You can find the source code there and play with the parameters :-)

The "microYASEP" is a compatible subset of the usual YASEP but with many limitations, like only 23 instructions (not yet all implemented), 2 cycles per instruction (no pipeline), not even data memory access... It is designed for tiny FPGAs and the core source code takes about 350 lines in VHDL. Data widths are 16 bits but could potentially be even smaller if needed (I'll have to check). I think it will run around 12 MIPS for the first system that will use it, it could be faster but this is useless.

This would not be possible without all the software tools I have written in the last months and years ! I can now assemble and export in hexadecimal or VHDL, create new custom configuration files with a few clicks, or tweak details at will. I have created a new system of "CPU profiles" that goes beyond the basic YASEP16/YASEP32 distinction.
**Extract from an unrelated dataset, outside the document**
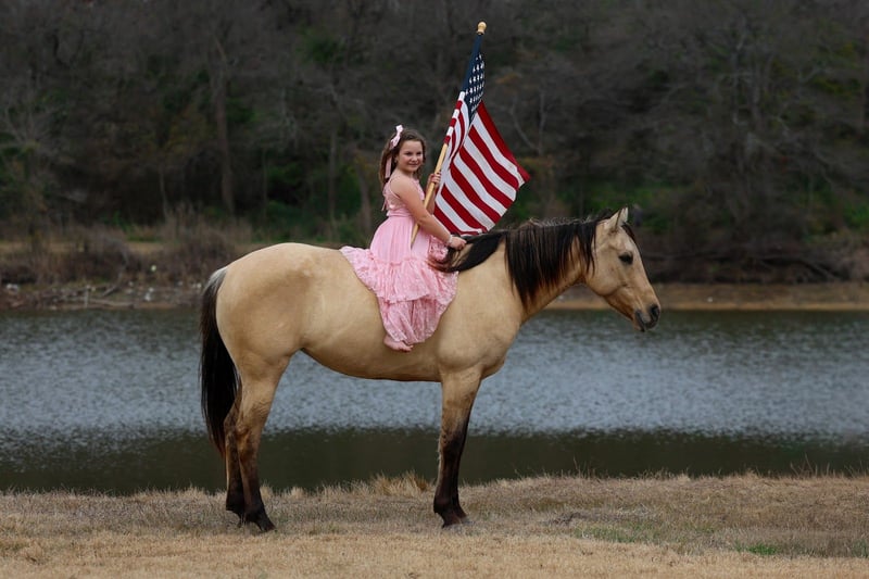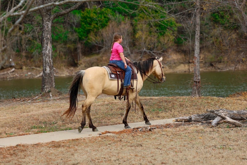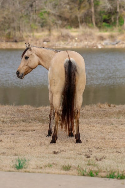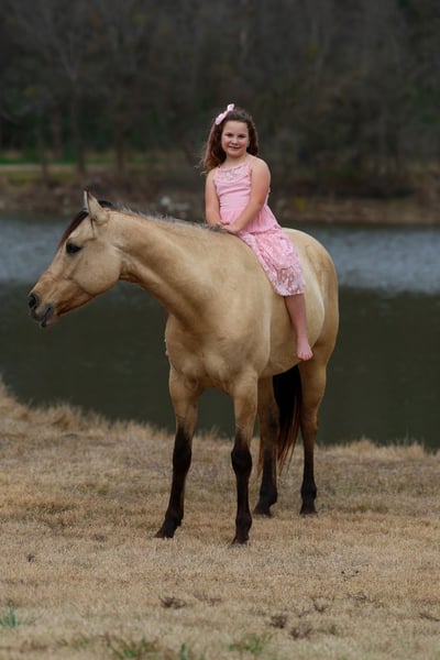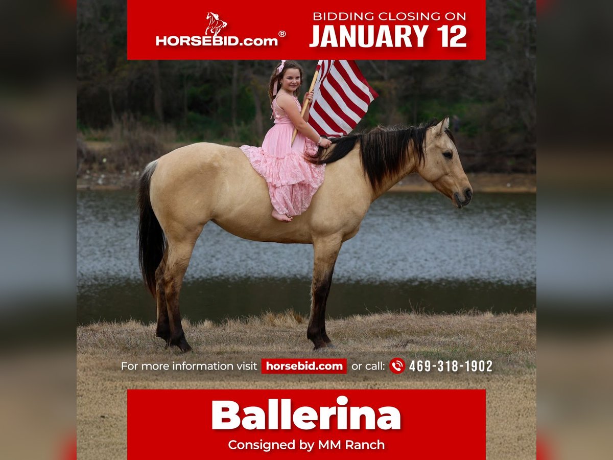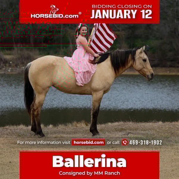♦️𝐍𝐄𝐖 𝐘𝐄𝐀𝐑'𝐒 𝑬𝒙𝒕𝒓𝒂𝒗𝒂𝒈𝒂𝒏𝒛𝒂♦️ Happening now thru MONDAY | JANUARY 12th - Available EXCLUSIVELY on HorseBid's website! For more details and to register visit: www.Horsebid.com CONSIGNOR CONTACT: MM Ranch 469-318-1902 LOCATION: Forney, TX BREED: Quarter Horse REGISTERED: No REGISTERED NAME: Ballerina COLOR: Buckskin Dun HEIGHT: 14.3 AGE: 5 GENDER: Mare 🩰 Meet Ballerina, 🩰 A true one of a kind. She is an absolutely GLAMOROUS little Buckskin Dun mare with gorgeous zebra stripes legs. She is standing at the perfect size of 14.3 hands tall. A once in a lifetime find and at just 5 yrs old she has her whole life in front of her. Yes, vet checked to be 5 yrs old. She has the most loving and kind disposition. She is naturally gentle and kind. Doesn’t have a mean bone in her body. Absolutely loves attention from any and everyone. Especially kids!!! Not even an ounce of spookiness. No snootiness or watchiness. Absolutely no bad habits. She is the ultimate sweetheart. Ballerina has a solid foundation in her training. Since she was 2 yrs old, she has been used on a ranch. She has so much ability and cow sense. She can go any direction. She is very talented, smart, and so easy to ride. This girl could stand in place and short lope. She is a very elegant mover. Her trot and lope is Effortless for her!! So smooth and easy. You barely have to squeeze to get her to step off in it. She has all the bells and whistles as they say!!! She is ready to go on and do big things. She has been rode both in and out of the arena. Rode out on the ranch and checked cattle and been on lots of trail rides. Even had a little roping done on her. You do not have to be a cowboy to ride her though. The best thing about her is she is absolutely safe and gentle for anyone. I have never seen this mare do anything wrong. No bad habits. Absolutely no quirks or vices about her. She perfect to be mounted. Stands perfect for baths. She will meet you at the gate every time. And comes right up to you. She wants to please and wants to learn. Absolutely NO warming her up. Just jump on her and go. She is safe for anyone to ride!!! She really has the capability to do anything you want to do on her and has her whole life in front of her. You will get noticed riding her. She is so pretty. We can and will help arrange affordable shipping if needed. She is up to date on all shots and worming. She just had her feet done. She is ready to go to her new home. Call with anymore questions you may have about Ballerina.

The microYASEP is just one of the several possible microarchitectures possible with the YASEP. Later configurations will be faster, larger and with more features like the multiplier, shifter and memory interfaces... But with one first application and a running, basic core, the whole YASEP design can tune its details with more real-life feedback !

Monday 13 February 2012

Interactive Assembler, take 2

The YASEP is progressing toward the 2012 revision, with great features and hopefully a first micro-YASEP soon. This burst of productivity has no secret : I just NEED a YASEP as soon as possible for another project. At this moment, I'm working on the assembly environment, a quick development that reuses some code from listed (the LISTing Editor created and stopped in 2009).

So far it can already import and assemble source code from a textarea, not bad for a whole day of coding... I've also been surprised by what I could do in one day for the VHDL code ! This new interface is also able to edit the imported data and export the assembled listing, but I want it to move lines from one editor window to another, and much more... I'll even reuse the recycle bin, just like I did for listed ! But I changed the name to YASMed. Don't ask me why...

Hopefully, a new release should be online on the "prototype area" in a few weeks.

Monday 28 November 2011

A YASEP assembler in C by DeforaOS

Today, khorben from DeforaOS, sent me a surprise : this screenshot !

defora disassembler screenshot

He is implementing his assembler/disassembler in C for his operating system project. A graphic interface is also available, among the many features in development ! In parallel, I implement some features in the YGWM interface that synthesise and export the relevant informations needed by his assembler. In the end we'll both have the tools to create a full working and autonomous system :-)

Thanks again for the screenshot !

Tuesday 8 November 2011

Register Parking

As the YASEP architecture specifies, there are 5 normal registers (R1-R5) and 5 pairs of data/address registers  (A1-D1, A2-D2...) and it's quite difficult to find the right balance between both : each application and approach requires a different optimal number of registers.

When more registers are needed (if you need R6 or R7) then you could assign them to D1 and D2 for example. However you have to set A1 and A2 to a safe location otherwise chaos could propagate in the software. Another issue is that each write to the A registers will update the memory. A similar situation appears if we use the Ax registers as normal registers : each write will trigger a memory read. And in paged/protected memory systems, this would kill the TLB...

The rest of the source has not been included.